In a new study, mortality of Russian larch1 seedlings, due to a damaged root system, occurred not only in the first year but was still ongoing after two growing seasons. These results emphasise the importance of ensuring the quality of forest seedlings before planting.

The research paper was published in the Scandinavian Journal of Forest Research 26 April 2023, titled Root frost tolerance, seasonal variation in root growth, and field performance of one-year-old Russian larch seedlings with simulated root freezing damages. First author is Rakel J. Jonsdottir, PhD student at the Icelandic Agricultural University and scientist at the Icelandic Forest Service – Skógræktin, co-author Inger Sundheim Fløistad, Senior Research Scientist at NIBIO, Norway.

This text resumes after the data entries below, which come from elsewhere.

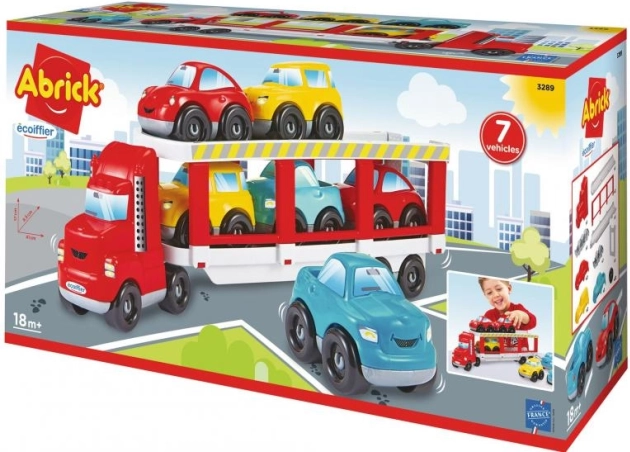 Attractif transporteur Abrick pour le transport de petites voitures ! Le transporteur est équipé d'une rampe rabattable qui permet un chargement et un déchargement faciles de six petites voitures colorées.
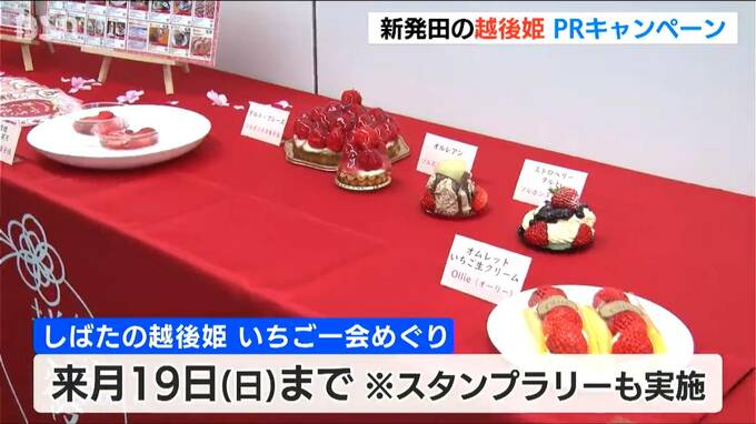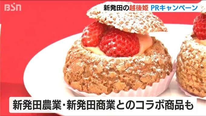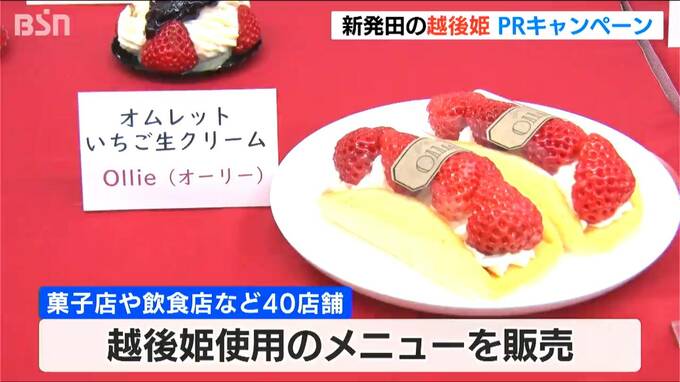 新発田産の越後姫の認知度向上と消費拡大などを目的に開催されているキャンペーンで、今年は市内の菓子店や飲食店など過去最多の40店舗が参加し、越後姫を使った自慢のメニューを販売しています。
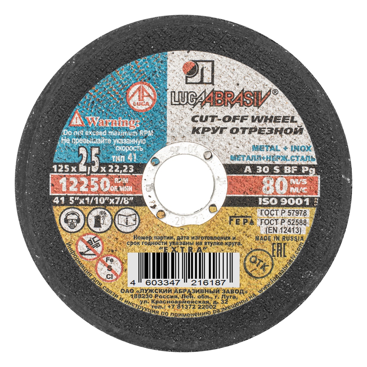 Наличие клапана для сброса давления Круг отрезной по металлу, 125 х 2.5 х 22 мм "Луга"
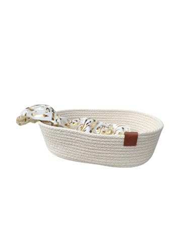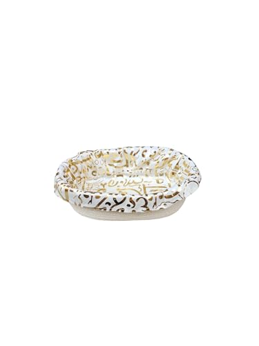 Generic - سلة تخزين مزخرفة من ام زد، نمط أبيض وذهبي، منظم قطني بيضاوي، 30 × 18 سم
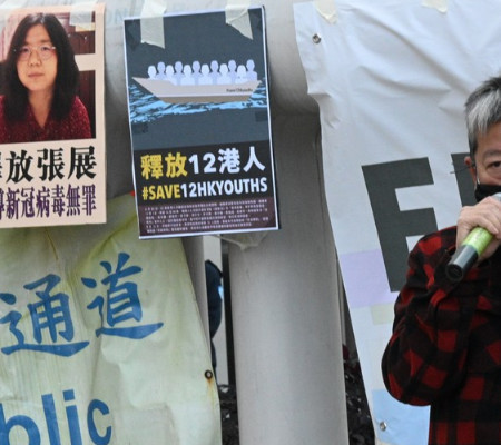 O ativista pela democracia Lee Cheuk-Yan protesta pedindo liberdade à Zhang Zhan (em foto no pôster à esquerda)
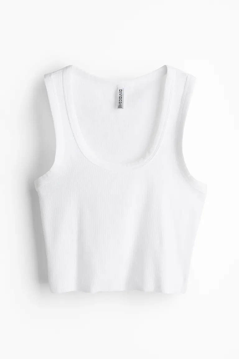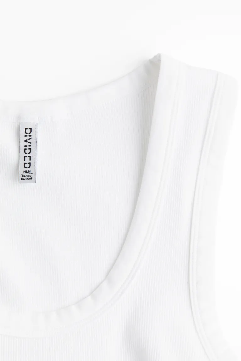 Бренд: H&M Цвет: белый Короткая майка из трикотажа в рубчик. Модель облегает фигуру, имеет широкий круглый вырез горловины и узкую окантовку горловины и проймов рукавов. Низ с необработанным краем. Рост модели: рост модели 180 см/5 футов 11 дюймов, размер S. Длина: короткая Длина рукава: без рукавов Посадка: облегающая Стиль: Майка Вырез: Глубокий вырез Концепция: БАЗОВЫЕ, РАЗДЕЛЕННЫЕ

Planting healthy seedlings with optimal growth potential is essential for proper growth and survival in forest regeneration. Assessing the seedling quality prior to planting is therefore important. In this Icelandic study, effects of root damage induced with artificial freezing in young Russian larch seedlings were examined using the root growth capacity method (RGC).

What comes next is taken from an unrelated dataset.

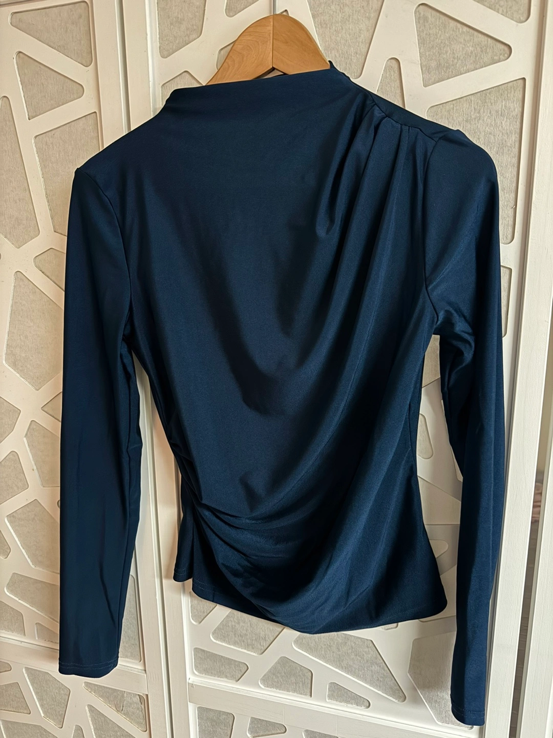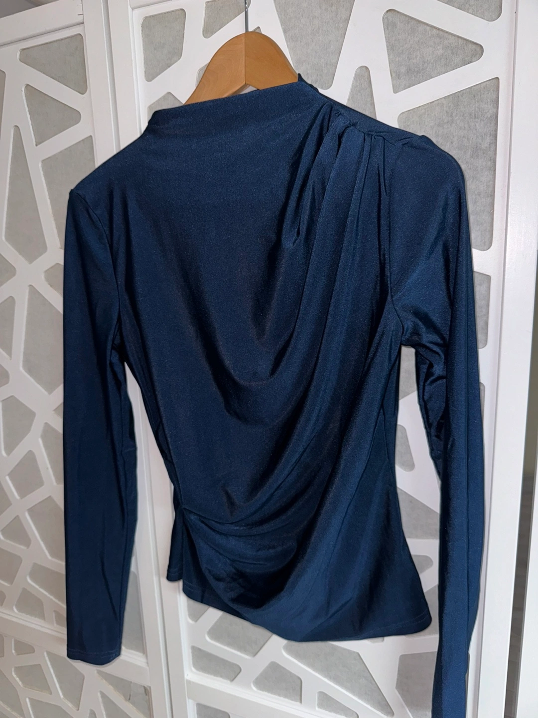 This is a navy blue long sleeve top. It is in great condition and ready for a new home! It's perfect for dressing up or down, so versatile for any occasion

Frost tolerance of roots varied during the winter, and root growth in undamaged seedlings fluctuated, indicating seasonal variations in growth rhythm. The LT50 value for root frost tolerance was −13.9°C in late January, but already at −10.6°C (LT10) root damages were severe. After one growing season, shoot elongation was significantly lower in seedlings frozen to −9°C, −13.5°C, and −15.5°C by 23%, 54%, and 72%, respectively, compared with undamaged seedlings. Control seedlings and seedlings frozen to −9°C achieved 100% survival after the first growing season. Survival in seedlings frozen to −13.5°C and −15.5°C was 85% and 27%, respectively. After the second growing season, survival decreased in all frost-damaged seedlings.

The ongoing mortality of Russian larch seedlings in the study demonstrates the long-lasting effects of planting seedlings with damaged root systems. The fluctuation in root frost tolerance of young Russian larch seedlings during winter emphasises the need for care when seedlings are moved to outdoor storage.